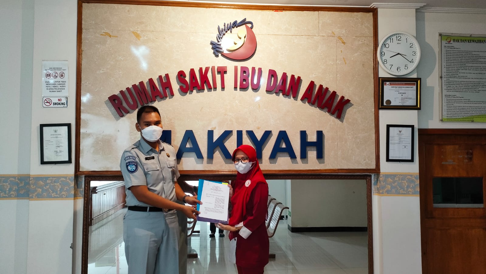 TANGERANG – Petugas Jasa Raharja Tangerang Perwakilan Tangerang Cabang Banten Mulya Agung Minang Putra melakukan kunjungan ke Rumah Sakit Ibu dan Anak Makiyah Kota Tangerang terkait penandatanganan Perjanjian Kerja Sama dalam rangka penanganan pasien korban kecelakaan lalu lintas di wilayah Tangerang. Jumat, (28/10) lalau.
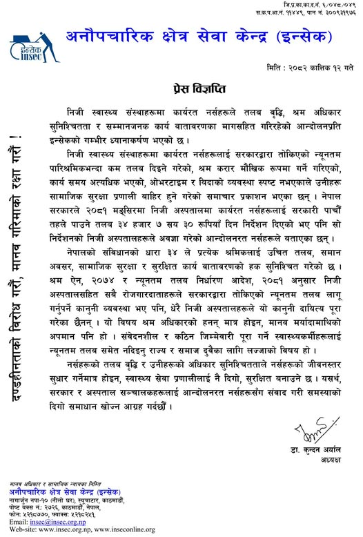 निजी स्वास्थ्य संस्थामे कार्यरत नर्सहुक्रे तलब वृद्धि, श्रम अधिकार सुनिश्चितता ओ सम्मानजनक कार्य वातावरणके मागसहित करटी रहल आन्दोलनप्रति इन्सेकके गम्भीर ध्यानाकर्षण हुइल बा ।
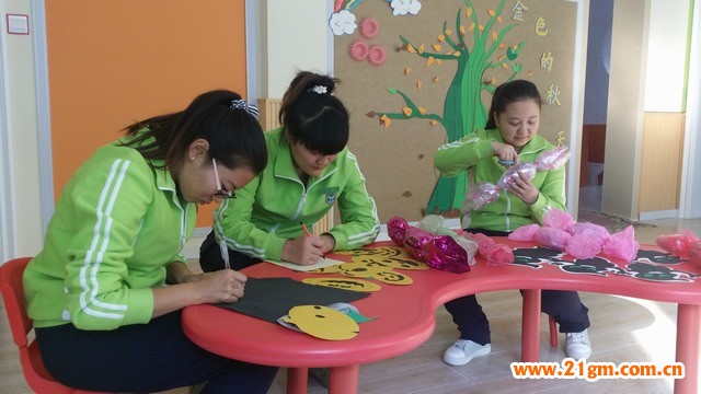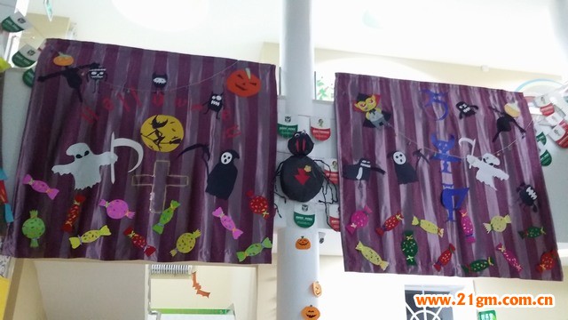 活動前,幼兒園的老師們發揮了節日裝飾的靈感,不僅在班級活動室設置主題墻,還在臥室、衣帽間、班級門窗等地粘貼各種搞怪圖案,最讓家長與幼兒新奇的是在一層陽光大廳用窗簾做為背景布置粘有橘色的南瓜燈、彩色的糖果、可怕的小鬼、黑色的蝙蝠、帶高帽的女巫等圖片,并用白色氣球畫上了表情,拉線拴掛,整個環境氛圍神秘又搞笑,增添了萬圣節的情趣。家長們也提前為幼兒精心準備了面具與服飾,和小朋友一起制作放有手電、蠟燭照亮的桔色南瓜燈,共同期盼著萬圣節的到來。

◆ **The task**:
Nothing but the lines from the one that contains "निजी स्वास्थ्य संस्थामे" through the end of the material above is to be reproduced, exactly and without pictures.

◆ **Response box**:
 निजी स्वास्थ्य संस्थामे कार्यरत नर्सहुक्रे तलब वृद्धि, श्रम अधिकार सुनिश्चितता ओ सम्मानजनक कार्य वातावरणके मागसहित करटी रहल आन्दोलनप्रति इन्सेकके गम्भीर ध्यानाकर्षण हुइल बा ।
 活動前,幼兒園的老師們發揮了節日裝飾的靈感,不僅在班級活動室設置主題墻,還在臥室、衣帽間、班級門窗等地粘貼各種搞怪圖案,最讓家長與幼兒新奇的是在一層陽光大廳用窗簾做為背景布置粘有橘色的南瓜燈、彩色的糖果、可怕的小鬼、黑色的蝙蝠、帶高帽的女巫等圖片,并用白色氣球畫上了表情,拉線拴掛,整個環境氛圍神秘又搞笑,增添了萬圣節的情趣。家長們也提前為幼兒精心準備了面具與服飾,和小朋友一起制作放有手電、蠟燭照亮的桔色南瓜燈,共同期盼著萬圣節的到來。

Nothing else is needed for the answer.